In 1826, already in Gran Colombia, he was elected senator in Congress, but resigned because General Santander appointed him Judge Minister of the Court of Justice of Quito. Four years later, after Ecuador separated from Gran Colombia, he attended the First Constituent Assembly as a deputy. This was convened by General Juan José Flores and met in the city of Riobamba on August 14, 1830. Fernández Salvador was elected its president. He served as the executive on several occasions and attended the conventions of 1830, 1835, 1843 and 1845, and the congresses of 1837 and 1839.

On October 30, 1830, Ecuador's new leader General Flores made him the general director of the Estudios de Quito. He resigned this post in 1832, but was reappointed to it in 1837 by President Rocafuerte.
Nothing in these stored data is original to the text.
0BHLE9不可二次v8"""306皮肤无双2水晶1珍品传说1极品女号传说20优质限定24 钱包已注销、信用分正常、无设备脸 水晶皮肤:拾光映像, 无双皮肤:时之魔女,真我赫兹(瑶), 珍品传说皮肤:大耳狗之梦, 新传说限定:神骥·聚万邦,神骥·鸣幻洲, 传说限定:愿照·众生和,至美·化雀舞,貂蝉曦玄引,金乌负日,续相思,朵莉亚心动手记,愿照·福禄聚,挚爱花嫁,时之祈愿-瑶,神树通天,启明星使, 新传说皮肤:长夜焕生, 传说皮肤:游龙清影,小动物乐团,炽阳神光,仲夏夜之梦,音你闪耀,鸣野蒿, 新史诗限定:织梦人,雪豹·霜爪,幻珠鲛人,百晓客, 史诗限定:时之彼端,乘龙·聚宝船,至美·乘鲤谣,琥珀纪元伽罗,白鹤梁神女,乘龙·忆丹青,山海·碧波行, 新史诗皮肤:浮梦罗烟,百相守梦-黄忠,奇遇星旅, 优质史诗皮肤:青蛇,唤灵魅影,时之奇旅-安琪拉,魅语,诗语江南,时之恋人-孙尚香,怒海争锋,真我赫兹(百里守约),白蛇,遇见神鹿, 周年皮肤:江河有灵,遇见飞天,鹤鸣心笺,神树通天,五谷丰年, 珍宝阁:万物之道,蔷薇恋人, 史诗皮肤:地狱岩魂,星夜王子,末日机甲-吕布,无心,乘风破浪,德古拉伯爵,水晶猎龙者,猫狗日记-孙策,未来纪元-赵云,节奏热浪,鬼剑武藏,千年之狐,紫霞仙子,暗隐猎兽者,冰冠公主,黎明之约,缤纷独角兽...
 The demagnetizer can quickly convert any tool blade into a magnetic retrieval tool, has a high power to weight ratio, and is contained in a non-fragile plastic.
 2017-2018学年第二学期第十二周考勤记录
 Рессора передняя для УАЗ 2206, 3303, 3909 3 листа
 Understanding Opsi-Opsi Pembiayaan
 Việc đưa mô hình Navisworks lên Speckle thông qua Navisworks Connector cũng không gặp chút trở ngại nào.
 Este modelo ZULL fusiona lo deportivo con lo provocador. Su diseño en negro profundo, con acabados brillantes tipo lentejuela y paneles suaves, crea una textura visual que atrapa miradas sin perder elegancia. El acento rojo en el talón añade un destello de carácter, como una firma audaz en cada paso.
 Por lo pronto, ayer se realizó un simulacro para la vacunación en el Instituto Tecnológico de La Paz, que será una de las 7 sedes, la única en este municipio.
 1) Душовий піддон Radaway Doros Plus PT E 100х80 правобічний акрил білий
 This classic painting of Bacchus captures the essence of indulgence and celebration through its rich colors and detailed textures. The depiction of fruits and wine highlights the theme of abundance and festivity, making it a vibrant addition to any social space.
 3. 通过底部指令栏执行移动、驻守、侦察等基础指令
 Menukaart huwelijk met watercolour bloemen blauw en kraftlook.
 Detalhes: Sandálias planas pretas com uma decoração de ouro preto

While in this position, he formulated the Rules of Public Education, the first serious work on this subject in Ecuador.

He was senator for Pinchincha in 1836 and representative to Congress in 1843.

In February 1846, the President of the Republic, Dr. Vicente Ramón Roca, appointed him Minister of the Interior and Foreign Affairs, but he resigned in November 1847. Retired from politics and public life, he died in Quito, October 1, 1853.

Despite his prominence and the important part he played in creating Ecuadorian jurisprudence, he left no personal writings.

=== Family ===
He was very well regarded by Simon Bolivar, who sought his council on important issues. One of his daughters, Josefa, married José Maria Sáenz, the brother of Bolivar's mistress, Manuela Sáenz (who was from a prominent Quito family). Another, Manuela, married Bolivar's French aide-de-camp Charles Eloi Demarquet (their descendants include the French jurist and academician Jean-Jacques Chevallier). His wife, Carmen Gomez de la Torre, was also from a prominent family. All three families left many descendants in Quito.